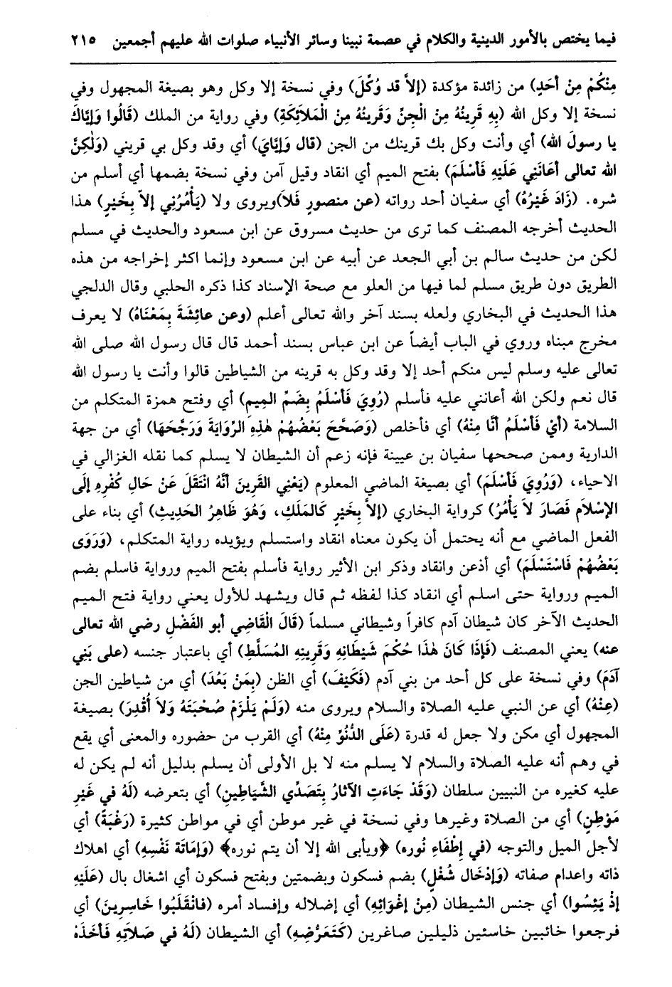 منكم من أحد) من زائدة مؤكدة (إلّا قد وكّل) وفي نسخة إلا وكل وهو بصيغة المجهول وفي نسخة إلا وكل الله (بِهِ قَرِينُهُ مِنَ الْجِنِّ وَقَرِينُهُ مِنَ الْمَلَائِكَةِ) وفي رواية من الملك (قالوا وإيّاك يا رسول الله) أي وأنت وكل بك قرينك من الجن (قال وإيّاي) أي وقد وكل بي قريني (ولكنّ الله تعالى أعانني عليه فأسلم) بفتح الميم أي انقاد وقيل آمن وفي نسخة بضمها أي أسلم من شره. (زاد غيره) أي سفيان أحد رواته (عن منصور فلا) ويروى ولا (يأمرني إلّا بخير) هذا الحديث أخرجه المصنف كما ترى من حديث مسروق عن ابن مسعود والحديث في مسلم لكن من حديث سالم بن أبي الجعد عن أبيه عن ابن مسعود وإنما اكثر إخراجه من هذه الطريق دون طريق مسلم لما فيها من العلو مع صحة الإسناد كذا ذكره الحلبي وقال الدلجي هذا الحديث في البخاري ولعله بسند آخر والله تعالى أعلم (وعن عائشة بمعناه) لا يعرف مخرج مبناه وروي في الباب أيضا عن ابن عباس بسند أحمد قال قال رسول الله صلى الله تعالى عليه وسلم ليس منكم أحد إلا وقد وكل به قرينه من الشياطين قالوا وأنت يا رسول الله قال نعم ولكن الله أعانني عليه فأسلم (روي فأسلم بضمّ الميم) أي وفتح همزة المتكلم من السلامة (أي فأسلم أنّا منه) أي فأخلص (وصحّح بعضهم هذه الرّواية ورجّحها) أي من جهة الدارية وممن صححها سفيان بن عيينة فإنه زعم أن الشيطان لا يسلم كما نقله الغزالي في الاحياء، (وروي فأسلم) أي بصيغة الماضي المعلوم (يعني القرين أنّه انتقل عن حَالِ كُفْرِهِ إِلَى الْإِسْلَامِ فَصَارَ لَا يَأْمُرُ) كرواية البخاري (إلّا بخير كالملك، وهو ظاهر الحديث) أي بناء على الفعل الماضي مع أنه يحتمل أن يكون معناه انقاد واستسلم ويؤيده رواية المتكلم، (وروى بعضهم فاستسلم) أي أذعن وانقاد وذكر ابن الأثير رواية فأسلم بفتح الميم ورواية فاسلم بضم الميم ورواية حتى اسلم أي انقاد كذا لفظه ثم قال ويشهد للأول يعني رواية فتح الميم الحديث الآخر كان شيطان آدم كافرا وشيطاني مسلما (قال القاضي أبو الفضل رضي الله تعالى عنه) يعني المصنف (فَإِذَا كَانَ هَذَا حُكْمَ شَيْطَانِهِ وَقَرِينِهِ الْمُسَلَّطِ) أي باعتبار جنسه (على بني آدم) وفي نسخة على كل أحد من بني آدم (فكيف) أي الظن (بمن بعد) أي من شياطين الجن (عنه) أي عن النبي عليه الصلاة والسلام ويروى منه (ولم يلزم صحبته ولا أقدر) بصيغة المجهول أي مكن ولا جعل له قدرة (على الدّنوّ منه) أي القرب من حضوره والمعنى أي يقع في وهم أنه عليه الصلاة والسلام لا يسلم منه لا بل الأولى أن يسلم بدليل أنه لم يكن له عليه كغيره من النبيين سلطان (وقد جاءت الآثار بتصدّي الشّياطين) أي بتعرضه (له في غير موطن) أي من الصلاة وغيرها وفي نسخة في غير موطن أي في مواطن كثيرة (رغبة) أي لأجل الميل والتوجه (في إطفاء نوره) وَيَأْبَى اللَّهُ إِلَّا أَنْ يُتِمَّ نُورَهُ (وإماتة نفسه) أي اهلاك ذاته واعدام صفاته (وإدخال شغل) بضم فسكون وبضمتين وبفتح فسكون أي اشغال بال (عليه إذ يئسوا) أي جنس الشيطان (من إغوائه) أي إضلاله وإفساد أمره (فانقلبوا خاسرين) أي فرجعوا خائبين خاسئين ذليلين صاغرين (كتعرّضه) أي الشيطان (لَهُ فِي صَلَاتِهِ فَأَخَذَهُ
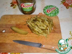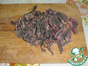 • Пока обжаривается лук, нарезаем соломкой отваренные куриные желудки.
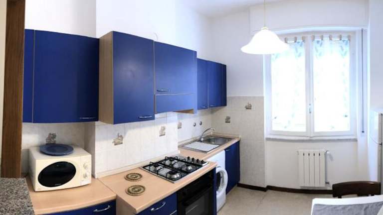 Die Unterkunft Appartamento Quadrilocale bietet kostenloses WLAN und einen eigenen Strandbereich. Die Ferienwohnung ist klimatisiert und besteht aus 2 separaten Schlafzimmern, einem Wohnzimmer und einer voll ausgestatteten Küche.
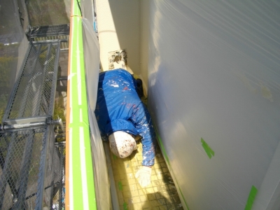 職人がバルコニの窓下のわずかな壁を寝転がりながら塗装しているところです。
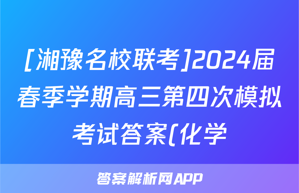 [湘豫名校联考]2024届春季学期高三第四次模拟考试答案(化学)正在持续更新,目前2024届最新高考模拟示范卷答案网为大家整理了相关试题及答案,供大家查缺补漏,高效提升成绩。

********************

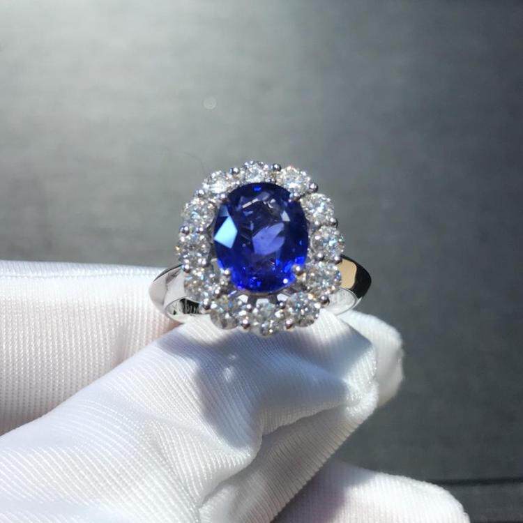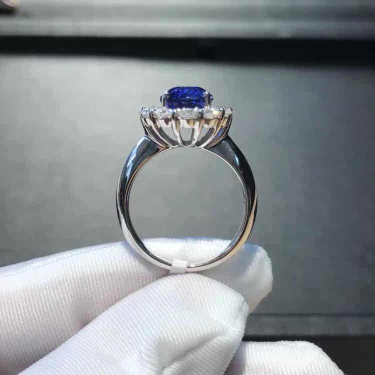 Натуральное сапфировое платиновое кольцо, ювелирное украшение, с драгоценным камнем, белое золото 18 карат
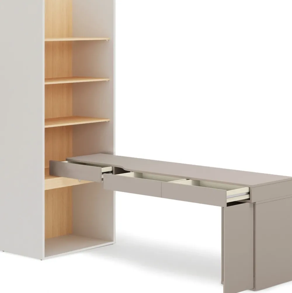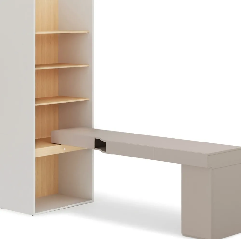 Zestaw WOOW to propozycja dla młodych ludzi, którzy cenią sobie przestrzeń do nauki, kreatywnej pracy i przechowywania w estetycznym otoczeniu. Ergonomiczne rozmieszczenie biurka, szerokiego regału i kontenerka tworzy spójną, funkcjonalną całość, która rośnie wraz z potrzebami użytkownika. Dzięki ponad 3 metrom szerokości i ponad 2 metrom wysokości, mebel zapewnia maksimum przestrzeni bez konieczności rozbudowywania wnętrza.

********************

ASSIGNED TASK.
Go back to the listing above and write out the lines starting at the one with "отваренные куриные желудки." and ending at the one with "[湘豫名校联考]2024届春", inclusive, exactly and without pictures.

RESPONSE TO THE EXERCISE.
 • Пока обжаривается лук, нарезаем соломкой отваренные куриные желудки.
 Die Unterkunft Appartamento Quadrilocale bietet kostenloses WLAN und einen eigenen Strandbereich. Die Ferienwohnung ist klimatisiert und besteht aus 2 separaten Schlafzimmern, einem Wohnzimmer und einer voll ausgestatteten Küche.
 職人がバルコニの窓下のわずかな壁を寝転がりながら塗装しているところです。
 [湘豫名校联考]2024届春季学期高三第四次模拟考试答案(化学)正在持续更新,目前2024届最新高考模拟示范卷答案网为大家整理了相关试题及答案,供大家查缺补漏,高效提升成绩。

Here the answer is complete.